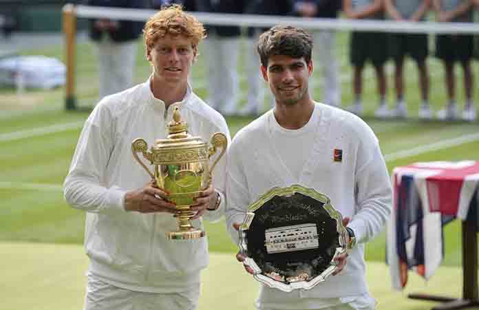 El italiano vence al bicampeón defensor de Wimbledon, Carlos Alcaraz [AP] LONDRES.- Jannik Sinner derrotó al bicampeón defensor Carlos Alcaraz 4-6, 6-4, 6-4, 6-4 el domingo para ganar su primer campeonato de Wimbledon y revertir el resultado de su épica final del Abierto de Francia de hace cinco semanas.El número 1 del mundo, Sinner, obtuvo su cuarto título de Grand Slam … [Leer más...] acerca de Sinner conquista Wimbledon
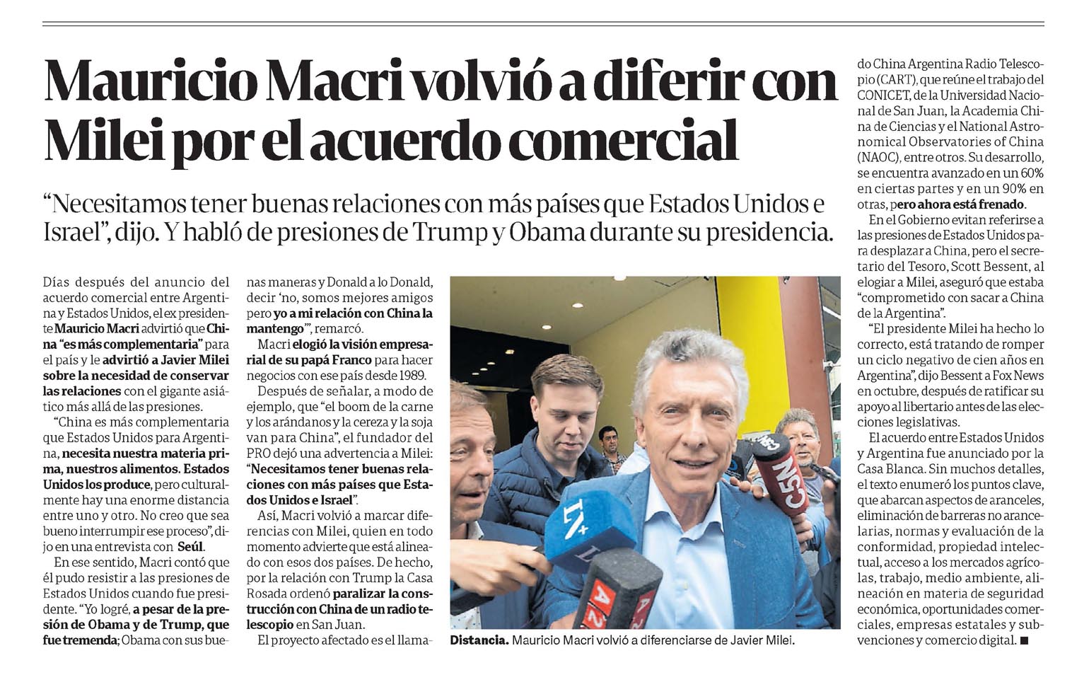 Mauricio Macri volvió a diferir con Milei por el acuerdo comercial “Necesitamos tener buenas relaciones con más países que Estados Unidos e Israel”, dijo. Y habló de presiones de Trump y Obama durante su presidencia. Días después del anuncio del acuerdo comercial entre Argentina y Estados Unidos, el ex presidente Mauricio Macri advirtió que China “es más complementaria” para el país y le advirtió a Javier Milei sobre la necesidad de conservar las relaciones con el gigante asiático más allá de las presiones. “China es más complementaria que Estados Unidos para Argentina, necesita nuestra materia prima, nuestros alimentos. Estados Unidos los produce, pero culturalmente hay una enorme distancia entre uno y otro. No creo que sea bueno interrumpir ese proceso”, dijo en una entrevista con Seúl. En ese sentido, Macri contó que él pudo resistir a las presiones de Estados Unidos cuando fue presidente. “Yo logré, a pesar de la presión de Obama y de Trump, que fue tremenda; Obama con sus buenas maneras y Donald a lo Donald, decir “no, somos mejores amigos pero yo amo mi relación con China la mantengo””, remarcó. Macri elogió la visión empresarial de su papá Franco para hacer negocios con ese país desde 1989. Después de señalar, a modo de ejemplo, que “el boom de la carne, los arándanos y la cereza y la soja van para China”, el fundador del PRO dejó una advertencia a Milei: “Necesitamos tener buenas relaciones con más países que Estados Unidos e Israel”. Así, Macri volvió a marcar diferencias con Milei, quien en todo momento advierte que está alineado con esos dos países. De hecho, por la relación con Trump la Casa Rosada ordenó paralizar la construcción con China de un radiotelescopio en San Juan. El proyecto afectado es el llamado China Argentina Radio Telescopio (CART), que reúne el trabajo del CONICET, de la Universidad Nacional de San Juan, la Academia China de Ciencias y el National Astronomical Observatories of China (NAOC), entre otros. Su desarrollo, se encuentra avanzado en un 60% en ciertas partes y en un 90% en otras, pero ahora está frenado. En el Gobierno evitan referirse a las presiones de Estados Unidos para desplazar a China, pero el secretario del Tesoro, Scott Bessent, al elogiar a Milei, aseguró que estaba “comprometido con sacar a China de la Argentina”. “El presidente Milei ha hecho lo correcto, está tratando de romper un ciclo negativo de cien años en Argentina”, dijo Bessent a Fox News en octubre, después de ratificar su apoyo al libertario antes de las elecciones legislativas. El acuerdo entre Estados Unidos y Argentina fue anunciado por la Casa Blanca. Sin muchos detalles, el texto enumeró los puntos clave, que abarcan aspectos de aranceles, eliminación de barreras no arancelarias, normas y evaluación de la conformidad, propiedad intelectual, acceso a los mercados agrícolas, trabajo, medio ambiente, alineación en materia de seguridad económica, oportunidades comerciales, empresas estatales y subvenciones y comercio digital. Menciones: CPOL1
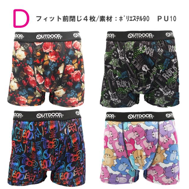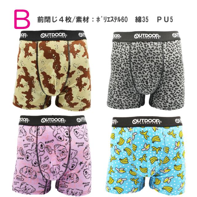 【OUT4枚】OUTDOOR メンズ ボクサーパンツ5種柄固定 4枚組 送料無料 前閉じ アソート M L LL
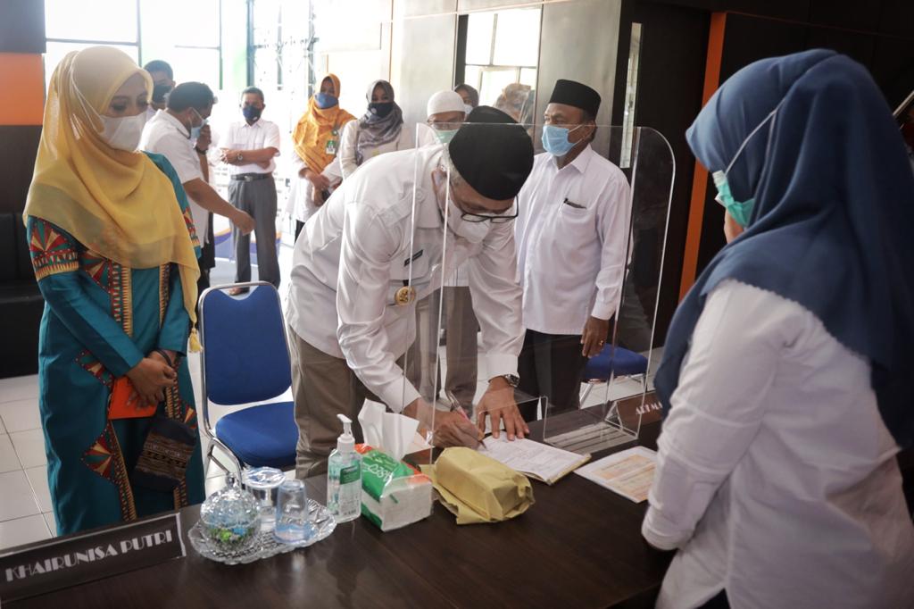 BANDA ACEH – Gubernur Aceh Nova Iriansyah bersama istri, Dyah Erti Idawati, menunaikan kewajiban membayar zakat di Baitul Mal Aceh, Rabu 10/3. Usai menerima zakat dari orang nomor satu Aceh itu, amil kemudian berdoa agar rezeki gubernur lancar dan berkah.
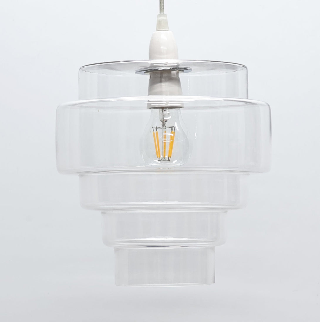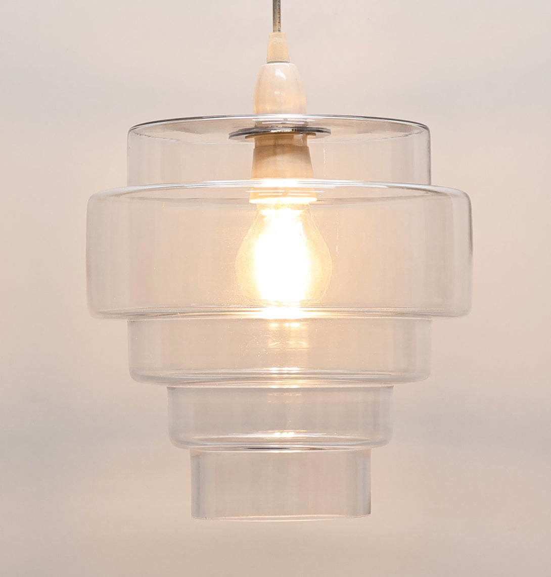 Showcasing a striking 5-tier layered shade crafted from clear glass, the Mira pendant brings depth, elegance, and a touch of vintage glamour to any room. Its reflective finish pairs beautifully with decorative bulbs, creating a warm, ambient glow.
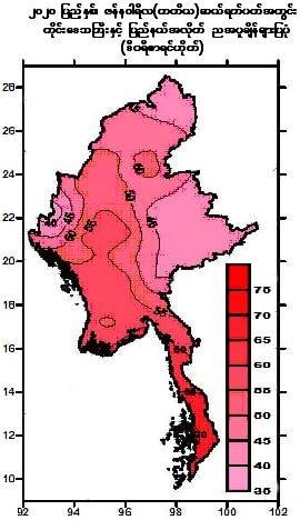 လေထုအတွင်းရေငွေ့ပါဝင်မှုအခြေအနေ ----- ၂၀၂၀ ပြည့်နှစ်၊ ဇန်နဝါရီလ(တတိယ) ဆယ်ရက်ပတ်အတွင်း (လေထုစိုထိုင်းဆ) အခြေအနေများမှာ - ရှမ်းပြည်နယ်(တောင်ပိုင်း)တွင် (၄၆%)၊ ချင်းပြည်နယ်တွင် (၅၇%)၊ မန္တလေးတိုင်းဒေသကြီး၊ မကွေးတိုင်းဒေသကြီး၊ ပဲခူးတိုင်းဒေသကြီး (တောင်ပိုင်း)၊ ရန်ကုန်တိုင်းဒေသကြီး၊ ကရင်ပြည်နယ်နှင့် မွန်ပြည်နယ်တို့တွင် (၆၇%)မှ (၇၁%) အတွင်းနှင့် စစ်ကိုင်းတိုင်းဒေသကြီး၊ ပဲခူးတိုင်းဒေသကြီး(အရှေ့ပိုင်းနှင့်အနောက်ပိုင်း)၊ ဧရာဝတီတိုင်းဒေသကြီး၊ တနင်္သာရီတိုင်းဒေသကြီး၊ ကချင်ပြည်နယ်၊ ရှမ်းပြည်နယ် (အရှေ့ပိုင်းနှင့်မြောက်ပိုင်း)၊ ရခိုင်ပြည်နယ်နှင့် ကယားပြည်နယ်တို့တွင် (၇၂%)မှ (၇၉%)အတွင်း အသီးသီးရှိခဲ့ပါသည်။
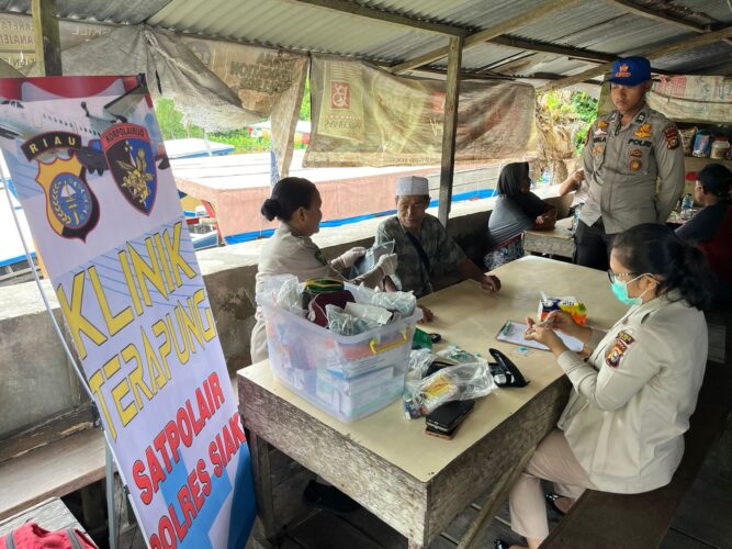 SIAK – Dalam upaya memeberikan pelayanan terbaik kepada masyarakat Satpolairud Polres Siak terus melakukan inovasi inovasi dibidang pelayanan salah satu nya dengan memberikan pelayanan kesehatan gratis melalui klinik terapung.
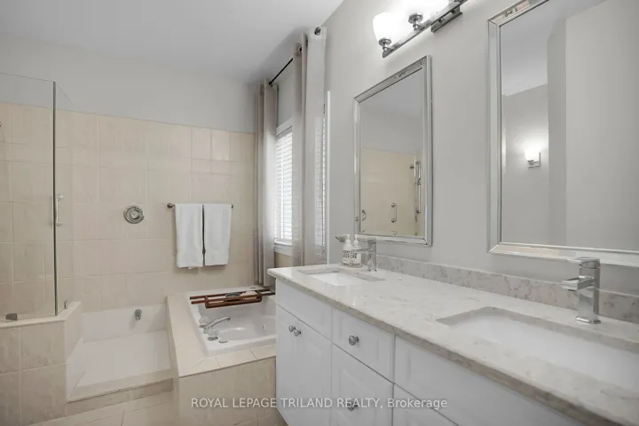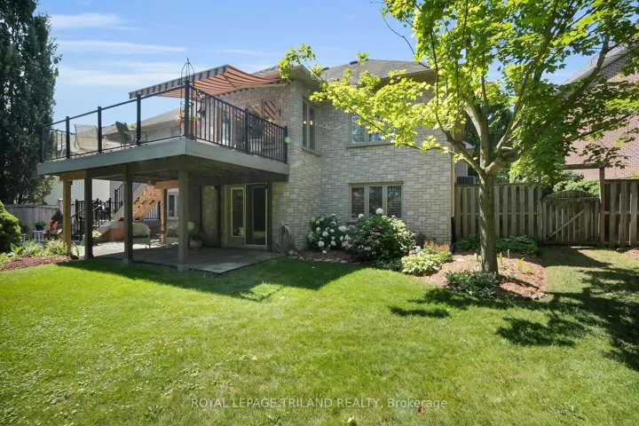 +"PublicRemarks": "Discover the epitome of refined living in this custom-built bungalow, a true standout in Byron's most prestigious enclave, Warbler Woods. From the manicured gardens to the breathtaking walk-out lower level, every inch of this residence radiates sophistication. The main floor offers a masterclass in design, featuring a sun-drenched, functional kitchen, formal dining, and a primary retreat with a spa-inspired ensuite. The other two bedrooms are on the opposite side from the primary suite and today the versatile third bedroom is used as a cozy media den. Below, the expansive, light-filled lower level serves as the ultimate entertaining hub, complete with a dedicated home office, a private fourth bedroom, and a designer bathroom with a unique double shower. Step outside to your personal sanctuary: a two-tiered composite deck and stone patio nestled within a lush, ultra-private yard. Rare, meticulously maintained, and perfectly positioned for the discerning buyer, this home is more than a property-it is a lifestyle upgrade in London's most coveted neighbourhood."
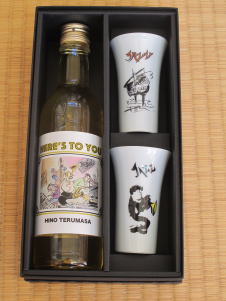左の作品は、長崎県五島の五島ワイナリーのワインに、日野皓正画のワイングラスをつけたもの。ワインのラベルも日野皓正作。セット5000円(税込み)。大川内山の伊万里陶苑本社で扱っていますが、当ギャラリーからも取り寄せいたします。 |
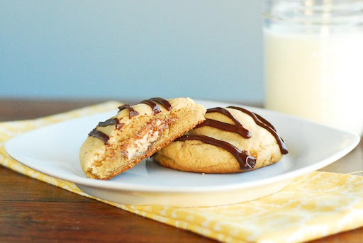 Combine the butter, peanut butter and sugars using a mixer on medium to low speed until light and fluffy. Slowly add eggs and vanilla until thoroughly combined. Then mix in flour, salt and baking soda. Cover and chill dough for 2-3 hours. Unwrap all the Snickers miniatures. Remove dough from refrigerator. Divide into 1 tbsp. pieces and flatten. Place a Snickers on the center of each piece of dough. Form the dough into a ball around each Snickers. Place on a greased cookie sheet and bake at 300 degrees for 10-12 minutes. Let cookies cool. Makes about 2 dozen.
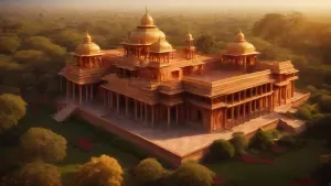 «stunning aerial view of a majestic royal palace nestled high in...»
====
**Exercise objective:**
Pictures stay out; everything else in the listing above gets restated word for word.

**Solution for this problem:**
 El italiano vence al bicampeón defensor de Wimbledon, Carlos Alcaraz [AP] LONDRES.- Jannik Sinner derrotó al bicampeón defensor Carlos Alcaraz 4-6, 6-4, 6-4, 6-4 el domingo para ganar su primer campeonato de Wimbledon y revertir el resultado de su épica final del Abierto de Francia de hace cinco semanas.El número 1 del mundo, Sinner, obtuvo su cuarto título de Grand Slam … [Leer más...] acerca de Sinner conquista Wimbledon
 Mauricio Macri volvió a diferir con Milei por el acuerdo comercial “Necesitamos tener buenas relaciones con más países que Estados Unidos e Israel”, dijo. Y habló de presiones de Trump y Obama durante su presidencia. Días después del anuncio del acuerdo comercial entre Argentina y Estados Unidos, el ex presidente Mauricio Macri advirtió que China “es más complementaria” para el país y le advirtió a Javier Milei sobre la necesidad de conservar las relaciones con el gigante asiático más allá de las presiones. “China es más complementaria que Estados Unidos para Argentina, necesita nuestra materia prima, nuestros alimentos. Estados Unidos los produce, pero culturalmente hay una enorme distancia entre uno y otro. No creo que sea bueno interrumpir ese proceso”, dijo en una entrevista con Seúl. En ese sentido, Macri contó que él pudo resistir a las presiones de Estados Unidos cuando fue presidente. “Yo logré, a pesar de la presión de Obama y de Trump, que fue tremenda; Obama con sus buenas maneras y Donald a lo Donald, decir “no, somos mejores amigos pero yo amo mi relación con China la mantengo””, remarcó. Macri elogió la visión empresarial de su papá Franco para hacer negocios con ese país desde 1989. Después de señalar, a modo de ejemplo, que “el boom de la carne, los arándanos y la cereza y la soja van para China”, el fundador del PRO dejó una advertencia a Milei: “Necesitamos tener buenas relaciones con más países que Estados Unidos e Israel”. Así, Macri volvió a marcar diferencias con Milei, quien en todo momento advierte que está alineado con esos dos países. De hecho, por la relación con Trump la Casa Rosada ordenó paralizar la construcción con China de un radiotelescopio en San Juan. El proyecto afectado es el llamado China Argentina Radio Telescopio (CART), que reúne el trabajo del CONICET, de la Universidad Nacional de San Juan, la Academia China de Ciencias y el National Astronomical Observatories of China (NAOC), entre otros. Su desarrollo, se encuentra avanzado en un 60% en ciertas partes y en un 90% en otras, pero ahora está frenado. En el Gobierno evitan referirse a las presiones de Estados Unidos para desplazar a China, pero el secretario del Tesoro, Scott Bessent, al elogiar a Milei, aseguró que estaba “comprometido con sacar a China de la Argentina”. “El presidente Milei ha hecho lo correcto, está tratando de romper un ciclo negativo de cien años en Argentina”, dijo Bessent a Fox News en octubre, después de ratificar su apoyo al libertario antes de las elecciones legislativas. El acuerdo entre Estados Unidos y Argentina fue anunciado por la Casa Blanca. Sin muchos detalles, el texto enumeró los puntos clave, que abarcan aspectos de aranceles, eliminación de barreras no arancelarias, normas y evaluación de la conformidad, propiedad intelectual, acceso a los mercados agrícolas, trabajo, medio ambiente, alineación en materia de seguridad económica, oportunidades comerciales, empresas estatales y subvenciones y comercio digital. Menciones: CPOL1
 【OUT4枚】OUTDOOR メンズ ボクサーパンツ5種柄固定 4枚組 送料無料 前閉じ アソート M L LL
 BANDA ACEH – Gubernur Aceh Nova Iriansyah bersama istri, Dyah Erti Idawati, menunaikan kewajiban membayar zakat di Baitul Mal Aceh, Rabu 10/3. Usai menerima zakat dari orang nomor satu Aceh itu, amil kemudian berdoa agar rezeki gubernur lancar dan berkah.
 Showcasing a striking 5-tier layered shade crafted from clear glass, the Mira pendant brings depth, elegance, and a touch of vintage glamour to any room. Its reflective finish pairs beautifully with decorative bulbs, creating a warm, ambient glow.
 လေထုအတွင်းရေငွေ့ပါဝင်မှုအခြေအနေ ----- ၂၀၂၀ ပြည့်နှစ်၊ ဇန်နဝါရီလ(တတိယ) ဆယ်ရက်ပတ်အတွင်း (လေထုစိုထိုင်းဆ) အခြေအနေများမှာ - ရှမ်းပြည်နယ်(တောင်ပိုင်း)တွင် (၄၆%)၊ ချင်းပြည်နယ်တွင် (၅၇%)၊ မန္တလေးတိုင်းဒေသကြီး၊ မကွေးတိုင်းဒေသကြီး၊ ပဲခူးတိုင်းဒေသကြီး (တောင်ပိုင်း)၊ ရန်ကုန်တိုင်းဒေသကြီး၊ ကရင်ပြည်နယ်နှင့် မွန်ပြည်နယ်တို့တွင် (၆၇%)မှ (၇၁%) အတွင်းနှင့် စစ်ကိုင်းတိုင်းဒေသကြီး၊ ပဲခူးတိုင်းဒေသကြီး(အရှေ့ပိုင်းနှင့်အနောက်ပိုင်း)၊ ဧရာဝတီတိုင်းဒေသကြီး၊ တနင်္သာရီတိုင်းဒေသကြီး၊ ကချင်ပြည်နယ်၊ ရှမ်းပြည်နယ် (အရှေ့ပိုင်းနှင့်မြောက်ပိုင်း)၊ ရခိုင်ပြည်နယ်နှင့် ကယားပြည်နယ်တို့တွင် (၇၂%)မှ (၇၉%)အတွင်း အသီးသီးရှိခဲ့ပါသည်။
 SIAK – Dalam upaya memeberikan pelayanan terbaik kepada masyarakat Satpolairud Polres Siak terus melakukan inovasi inovasi dibidang pelayanan salah satu nya dengan memberikan pelayanan kesehatan gratis melalui klinik terapung.
 +"PublicRemarks": "Discover the epitome of refined living in this custom-built bungalow, a true standout in Byron's most prestigious enclave, Warbler Woods. From the manicured gardens to the breathtaking walk-out lower level, every inch of this residence radiates sophistication. The main floor offers a masterclass in design, featuring a sun-drenched, functional kitchen, formal dining, and a primary retreat with a spa-inspired ensuite. The other two bedrooms are on the opposite side from the primary suite and today the versatile third bedroom is used as a cozy media den. Below, the expansive, light-filled lower level serves as the ultimate entertaining hub, complete with a dedicated home office, a private fourth bedroom, and a designer bathroom with a unique double shower. Step outside to your personal sanctuary: a two-tiered composite deck and stone patio nestled within a lush, ultra-private yard. Rare, meticulously maintained, and perfectly positioned for the discerning buyer, this home is more than a property-it is a lifestyle upgrade in London's most coveted neighbourhood."
左の作品は、長崎県五島の五島ワイナリーのワインに、日野皓正画のワイングラスをつけたもの。ワインのラベルも日野皓正作。セット5000円(税込み)。大川内山の伊万里陶苑本社で扱っていますが、当ギャラリーからも取り寄せいたします。 |
 Combine the butter, peanut butter and sugars using a mixer on medium to low speed until light and fluffy. Slowly add eggs and vanilla until thoroughly combined. Then mix in flour, salt and baking soda. Cover and chill dough for 2-3 hours. Unwrap all the Snickers miniatures. Remove dough from refrigerator. Divide into 1 tbsp. pieces and flatten. Place a Snickers on the center of each piece of dough. Form the dough into a ball around each Snickers. Place on a greased cookie sheet and bake at 300 degrees for 10-12 minutes. Let cookies cool. Makes about 2 dozen.
 «stunning aerial view of a majestic royal palace nestled high in...»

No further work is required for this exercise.